Democrats U.S. Sen. Charles Schumer and New York Gov. Andrew M. Cuomo said in a joint announcement Sunday that the easiest way to prevent sales to individuals on the no-fly list, which is maintained by the Federal Bureau of Investigation, in the Empire State is to simply add it to the current background check system that’s also operated by the FBI.
“Railing to close the Terror Gap in New York State will send a message to other states – and Congress – to act,” said Schumer in a statement. “The federal government has always been there for New York when it comes to giving us the tools we need to fight terrorism and I remain hopeful that they’ll work with us on preventing terror suspects from passing gun background checks.”
Efforts by Dems on Capitol Hill to tie the terror lists to gun sales have only resulted in delaying tactics while lawmakers try to gain enough votes for a move to force a vote on the issue.

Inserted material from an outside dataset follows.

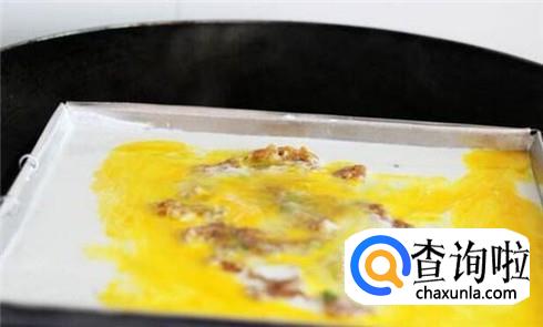 然后放入少许肉沫,把米糊和肉沫一起放入蒸笼上蒸。

In Illinois, state Rep. Gregory Harris, from Chicago, on the same day as Malloy’s announcement in Connecticut, filed a measure in the state House that would require the Illinois State Police to compare the database of those with Firearm Owner’s Identification Card previously issued against the terror watch list. Those found on the list would have five days to surrender their card, needed to legally own guns in the Land of Lincoln. Harris’ bill gained 16 co-sponsors by Monday.
Meanwhile, in Massachusetts, Gov. Charlie Baker announced he would look into a similar proposal such as in neighboring Connecticut, as reported by the Boston Herald.
The executive action proposed in Connecticut would strike at future gun transfers as well as current firearms permit holders. Those denied would be allowed to appeal to the state Board of Firearms Permit Examiners and finally to Superior Court.
National and state gun rights groups warned of possible litigation against both Malloy and the federal government should the action move forward, citing the order would be a clear “due process” violation of the 14th Amendment to the U.S. Constitution.